=== Begin Enclosure ===

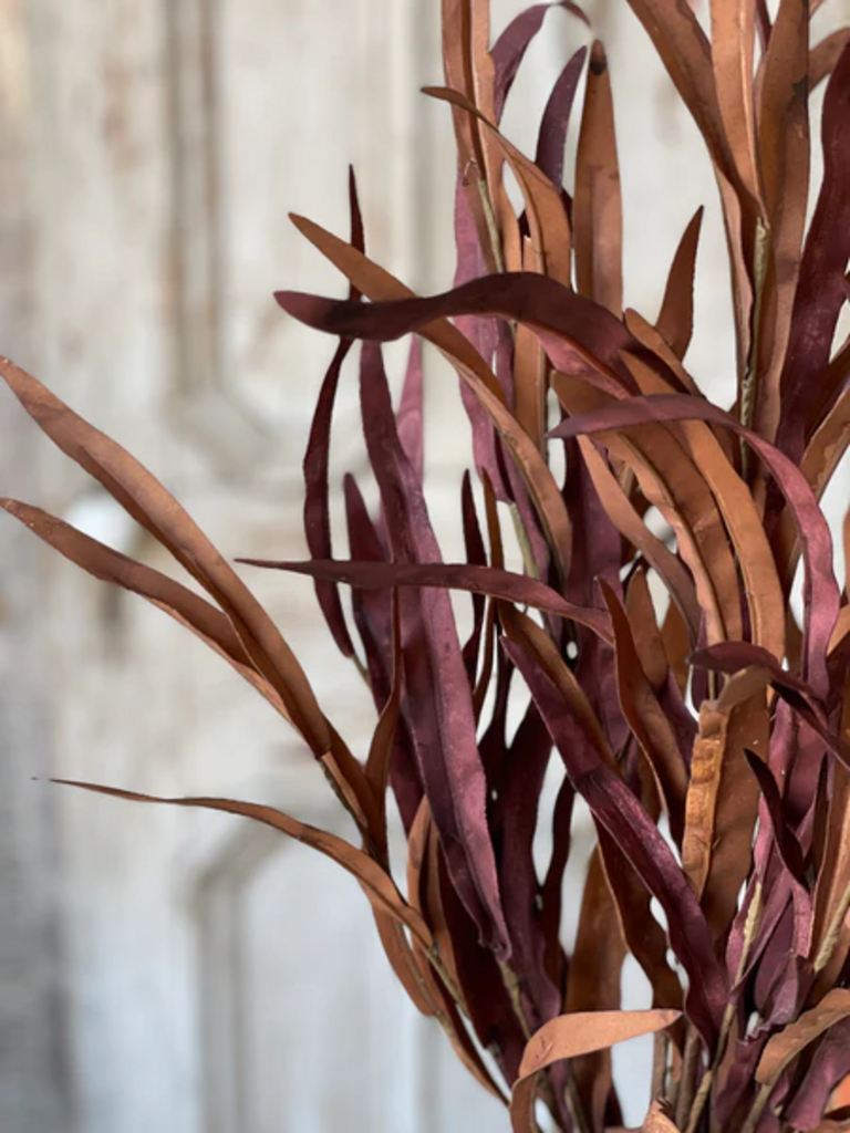 This golden isles bush features an abundance of strap-like leaves in a gorgeous rust shade. Each bundle contains 3 stems and is bound with a rope tie.
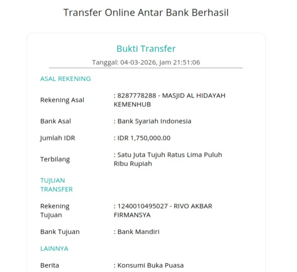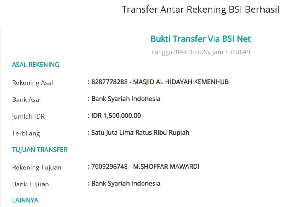 Infaq QRIS atau Transfer Melalui Rek BSI Masjid
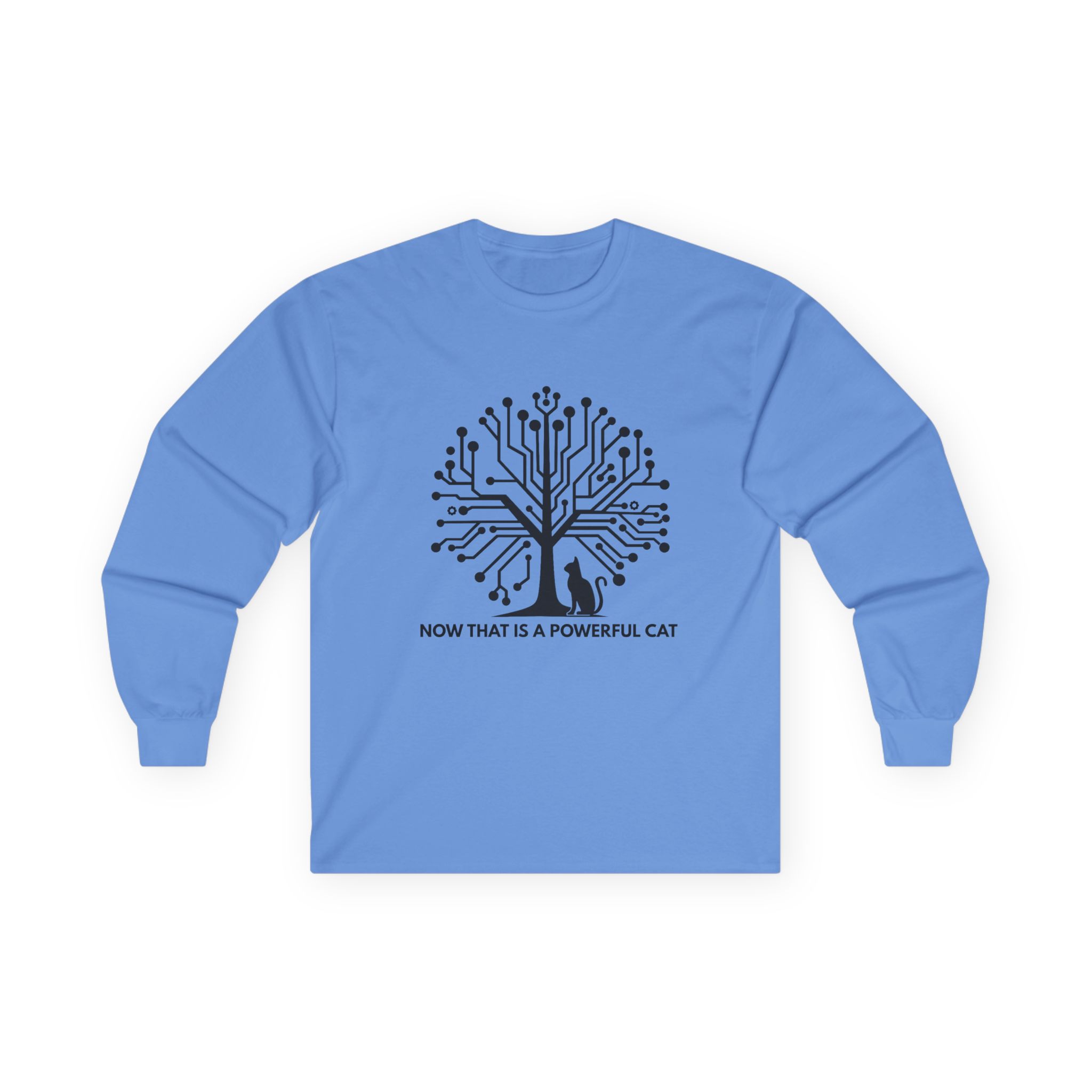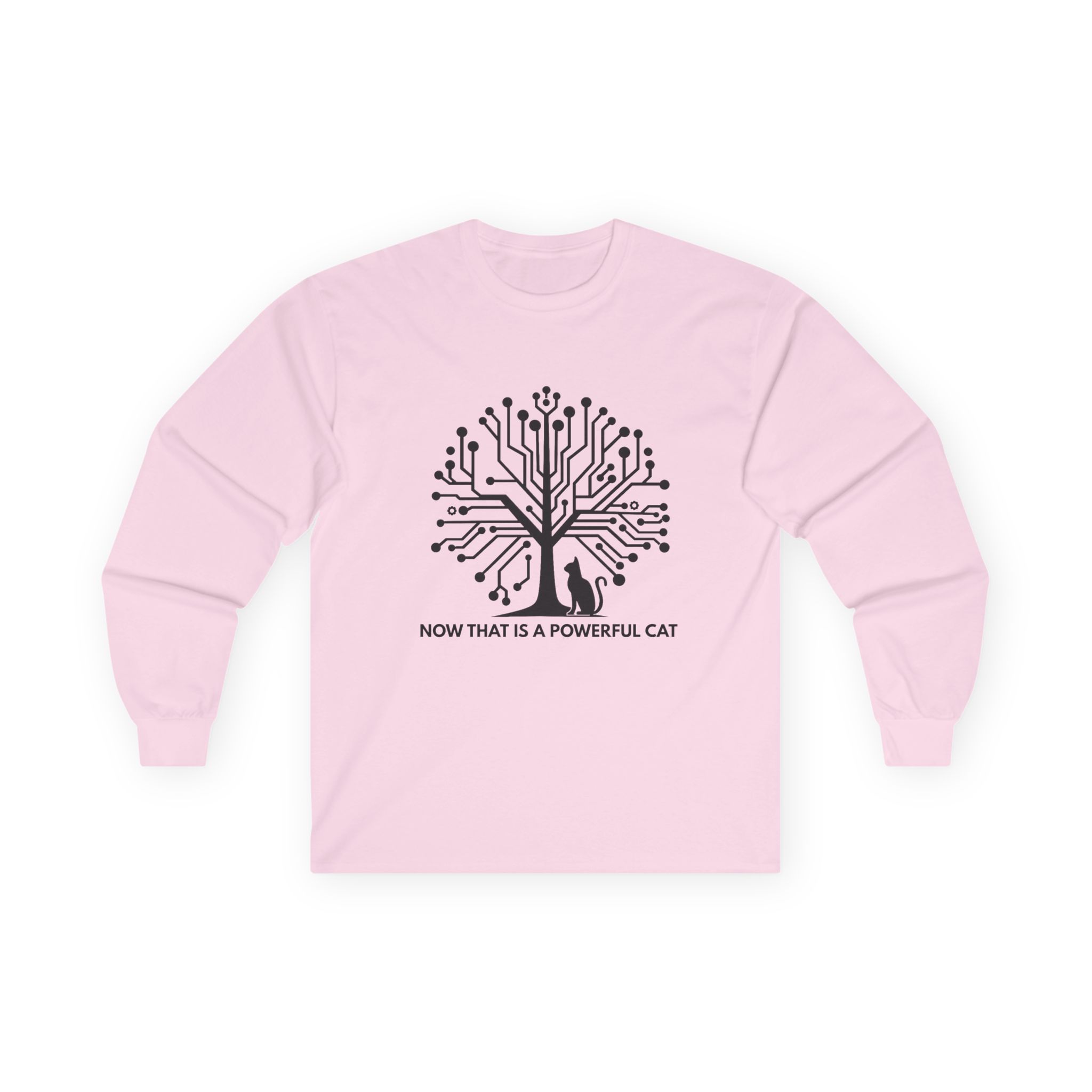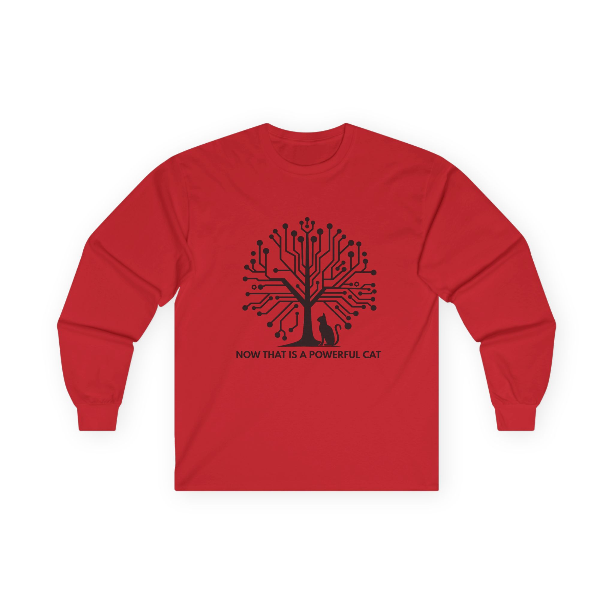 The Neural Tree Cat design transforms a bare winter tree into a living circuit board — branches become data pathways, nodes pulse like synapses firing across a neural network. And at the base of it all, completely unbothered, sits a cat. It’s a design that rewards the second look: part tech art, part philosophical statement, entirely wearable. It speaks to anyone who builds intelligent systems by day and comes home to a creature that’s somehow already smarter.

=== End Enclosure ===

Activity: Return the material exactly as written, except for any pictures it holds.

Solution:
 This golden isles bush features an abundance of strap-like leaves in a gorgeous rust shade. Each bundle contains 3 stems and is bound with a rope tie.
 Infaq QRIS atau Transfer Melalui Rek BSI Masjid
 The Neural Tree Cat design transforms a bare winter tree into a living circuit board — branches become data pathways, nodes pulse like synapses firing across a neural network. And at the base of it all, completely unbothered, sits a cat. It’s a design that rewards the second look: part tech art, part philosophical statement, entirely wearable. It speaks to anyone who builds intelligent systems by day and comes home to a creature that’s somehow already smarter.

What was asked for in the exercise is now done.